Er zijn enkele kunsthistorici die al een dergelijk onderscheid maken, onder wie Claire Bishop en Nicolas Bourriaud. Het valt echter op dat zij de aandacht vervolgens vrijwel uitsluitend richten op kunst die zich indirect tot informatietechnologie verhoudt en niet op werken die zelf digitale componenten incorporeren. Dat levert soms inzichten op, zoals Bishops suggestie dat de huidige nadruk op de materialiteit en historiciteit van het fysieke kunstvoorwerp een reactie is op de ontastbaarheid en vluchtigheid van de wereld achter het computerscherm. Maar de kunst die zich met het digitale verenigt, blijft verder buiten beschouwing. Deze houding beschreef Peter Weibel tijdens een discussie met Bourriaud terecht als een vorm van ‘media injustice’, waarbij hij wellicht het beeld van een getto in gedachten had.4 Achter de onrechtvaardigheid schuilt de meestal onuitgesproken veronderstelling dat kunst die zich direct tot informatietechnologie en de daarmee geassocieerde beeldtaal verhoudt er ‘te dicht opzit’ en daarom minder kritisch potentieel en artistieke waarde heeft.
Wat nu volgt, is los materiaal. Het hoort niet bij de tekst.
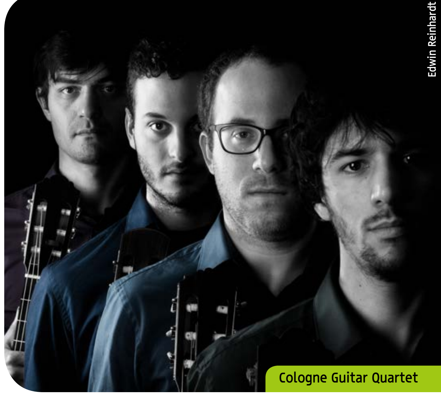
Cologne Guitar Quartet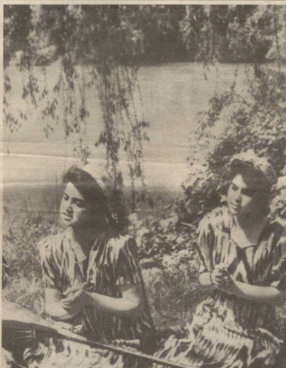
«Халал берманг агар қизлар ҳаёл сурсалар».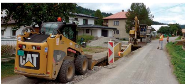
Budovanie gravitačnej kanalizácie v štátnej ceste III. tr. v obci Zákamenné.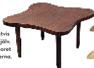
Typisk GA-bord med organisk form. Att en möbel är märkt GA Berg innebär inte nödvändigtvis att den ritades av GA Berg själv. Arkitekten Olof Östberg på kontoret ritade flera av möblerna.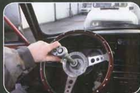
Approcher puis serrer au couple à 4,8 m.kg.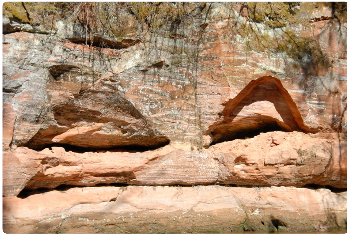
Foto: No laivošanas un pastaigām gar Amatas upi mūsdienās. Elīna Sofija Kalēja

krastam iekšējā likumā, kur mazāks straumes spēks. Tur bija egles galotne, kas iegāzusies piekrastes brikšņos. Mēs ar Birutu braucām otrie.

Natuurlijk is het niet zo dat kunstenaars die zich nadrukkelijk met informatietechnologie bezighouden alleen daarom aandacht verdienen. Er zijn technofielen die computers slechts inzetten om ons te overstelpen met informatie of om het ene signaaltype (licht, geluid, beweging, taal, elektrostatische lading, et cetera) over te brengen naar het andere, vaak met een vorm van versterking. Daarentegen zijn er ook kunstenaars die de nieuwe technische en beeldende mogelijkheden met een welhaast modernistische grondigheid en vasthoudendheid verkennen. Neem bijvoorbeeld de nauwkeurig ontworpen computeranimaties en interferentiepatronen op de website van Nicolas Sassoon, die teruggrijpen op het vakmanschap uit de tijd waarin pixels schaars waren, net zoals de gemodificeerde 8-bit consolegames van Cory Arcangel dat doen. De afgewogen vorm van hun werk verhindert dat het als platte ‘computerkunst’ kan worden afgedaan: wat immaterieel lijkt, blijkt ambachtelijk te zijn, en wat ooit technische beperkingen waren, zijn tegenwoordig stilistische keuzes met (computer)historische connotaties. Er is weliswaar enige kennis van zaken vereist om dat te herkennen, maar is het niet de taak van professionals om ervoor te zorgen dat zij die bezitten?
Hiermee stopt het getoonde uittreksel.